Application of these Regulations

5.  These Regulations shall apply in the field of animal feeding to zootechnical products to which the Additives Directive applies.

PART IIAPPLICATIONS FOR THE COMMUNITYAUTHORISATION OF ZOOTECHNICAL ADDITIVES

Transitional applications

6.—(1) An eligible person who wishes the United Kingdom to act as the rapporteur in connection with an application for the Community authorisation of a BI, BII or BIII zootechnical additive may submit an application for such authorisation, accompanied by a monograph and identification note relating to the additive, to the Minister.

(2) Where documentation is submitted to the Minister pursuant to paragraph (1), he shall process this in accordance with the requirements of—

(a)Article 9g.2 of the Additives Directive, as amended by Directive 96/51/EC, in the case of an application relating to a BI zootechnical additive;

(b)Article 9h.2 of the Additives Directive, as amended by Directive 96/51/EC, in the case of an application relating to a BII zootechnical additive; and

(c)Article 9i.2 of the Additives Directive, as amended by Directive 96/51/EC, in the case of an application relating to a BIII zootechnical additive.

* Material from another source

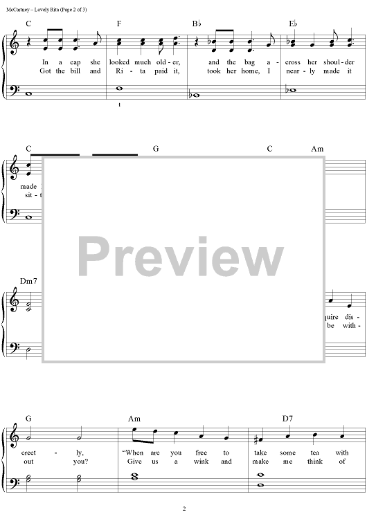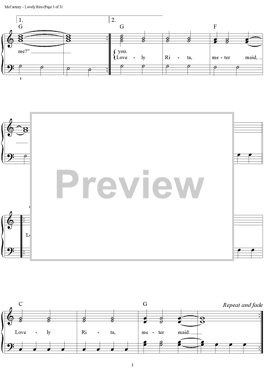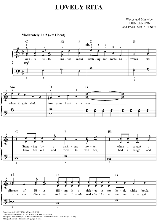 Digital Sheet Music for Lovely Rita by Paul McCartney, The Beatles, John Lennon scored for Easy Piano/Vocal/Chords; id:448675

(3) A person who applies for the Community authorisation of a BI zootechnical additive for which the United Kingdom is acting as rapporteur may submit a dossier relating to the additive to the Minister in accordance with the requirements of Article 9g.4 of the Additives Directive, as amended by Directive 96/51/EC.

(4) Where a dossier relating to a BI zootechnical additive is submitted to the Minister pursuant to paragraph (3), he shall (subject to regulation 9)—

(a)forward it to the Commission, and

(b)forward a copy of it to each member State

if he is satisfied as specified in paragraph (5).

(5) The Minister is satisfied in accordance with this paragraph if he is satisfied that—

(a)the dossier submitted pursuant to paragraph (3) has been compiled in accordance with the applicable provisions of Directive 87/153/EEC, and

(b)the zootechnical additive to which the dossier relates meets the conditions laid down in Article 3a of the Additives Directive as amended by Directive 96/51/EC.

(6) If, in relation to a dossier submitted pursuant to paragraph (3), the Minister is not satisfied about both of the matters specified in paragraph (5), he shall reject the dossier, or postpone taking the action specified in paragraph (4) in relation to it, until such time as he is satisfied about both of those matters.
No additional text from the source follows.